[op5-users] merlin noc-poller setup
Andreas Ericsson
ae at op5.se
Fri Dec 4 10:38:34 CET 2009
On 12/03/2009 05:52 PM, Daniel Tuecks wrote:
> Hello List!
>
Hi Daniel. Thanks for trying out Merlin, and thank you very much for the
very detailed writeup. I'll hack and slash a bit in your mail and respond
to the bits I can.
> I am trying to setup nagios/merlin in a noc/poller scenario. Therefore I
> have installed two Nagios 3.2.0 servers (nagios-a and nagios-b) with
> sample-configs (make install-config). For testing purposes I created two
> hosts (server-a and server-b) and put each of those hosts in separate
> hostgroups (server-group-a and server-group-b).
>
> Now I want
> - nagios-b to check server-a& server-b.
> - Nagios server 'nagios-a' should only check server-a.
> - Nagios server 'nagios-a' should only recieve passive checkresults for
> server-b from nagios-b:
>
So basically server-a will be monitored by two Nagios instances. I'm
with you so far.
>
> ------NOC---------- send pasv results ------POLLER-------
> | nagios-a |<<--------------------- | nagios-b |
> ------------------- server-b -------------------
> | |
> |-- check& display server-a |-- check& display server-a
> |-- display server-b |-- check& display server-b
>
> (see below for nagios / merlin config files)
>
> With merlin-0.6.6.tar.gz I can't get this done. I see a very strange
> behaviour in
> the neb.log:
>
> ## 'server-b' is a member of 'server-group-b', so can't add to poller
> for 'server-group-b'
> yes, it is a member of server-group-b.
>
> ## 'server-group-b' is a selection without hosts. Are you sure you want this?
> no, it is not a selection without hosts (as stated one line before)
>
> Checks for hostgroup 'server-group-b' were not disabled on nagios-a. Both
> nagios-servers were still checking both hostgroups (and therefore both servers)
>
Right. This is a known bug, and it lives on because I haven't had time to
fully investigate it.
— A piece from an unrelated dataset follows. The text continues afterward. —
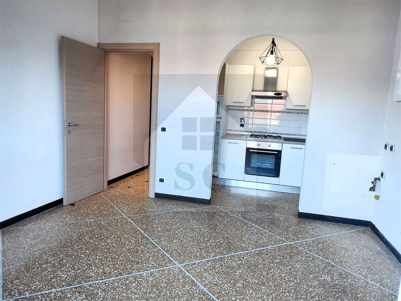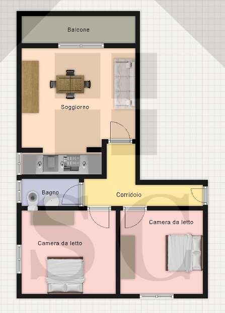 Ha l'ingresso a corridoio, soggiorno con cucinotto finestrato, due camere da letto, bagno finestrato con piatto doccia.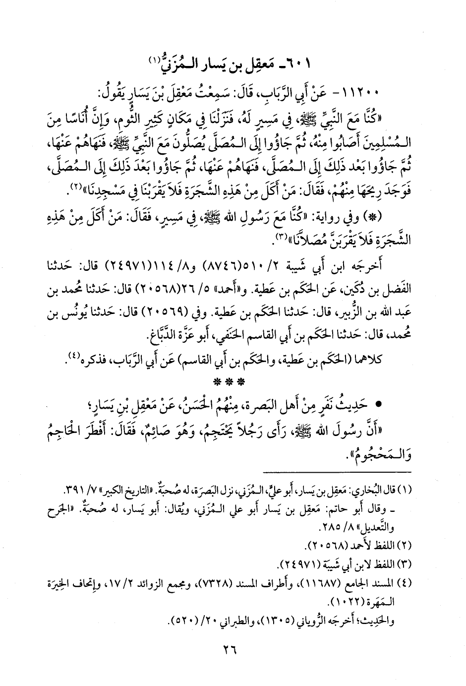 (¬١) قال البخاري: معقل بن يسار، أَبو علي، المزني، نزل البصرة، له صحبة. «التاريخ الكبير» ٧/ ٣٩١.

The patches living in 'next' take care of it, but
I can't fully merge them yet since we're (sadly) not focusing on making
distributed checks work well yet. There's a quite simple patch one can
apply to get things to a working state. I'll make sure to get that done
today, so try 'next' on monday and it should work better.
>
> With merlin checked out from git (and switched to 'next') things were also a
> little bit strange.
>
> The neb.log on nagios-a looked like this:
>
> ## [1259848914] 6: Reaping ipc events
> ## [1259848914] 6: Received control packet code 3 for selection 'server-group-b'
> ## [1259848914] 6: Disabling active checks for hosts in hostgroup
> 'server-group-b'
> ## [1259848914] 6: Disabling active checks for services of hosts in
> hostgroup 'server-group-b'
> ## [1259848914] 6: Received control packet code 2 for selection 'server-group-b'
> ## [1259848914] 6: Enabling active checks for hosts in hostgroup
> 'server-group-b'
> ## [1259848914] 6: Enabling active checks for services of hosts in
> hostgroup 'server-group-b'
> ## [1259848914] 6: Received control packet code 3 for selection 'server-group-b'
> ## [1259848914] 6: Disabling active checks for hosts in hostgroup
> 'server-group-b'
>
This is clearly weird.
> Now 'server-group-b' was disabled on nagios-server 'a'. This looked
> promising but
> the nagios daemon died after a few seconds.
>
Yes, that happens for some reason when a host or service state event is
received by the module. I'll have to disable that and go back to making
it only send check-results instead, which worked just fine.
>
> Furthermore I'd say that the alternating reception of "code 3" and "code 2"
> packets looks fishy.
>
Indeed.
> The neb.log on nagios-server 'b':
>
> ## [1259848862] 6: Merlin Module Loaded
> ## [1259848862] 6: setting connect and disconnect handlers
> ## [1259848862] 6: Coredumps in /root
> ## [1259848862] 6: Merlin module v0.6.6p18-g26db1b7e41ae initialized
> successfully
> ## [1259848902] 6: Object configuration parsed.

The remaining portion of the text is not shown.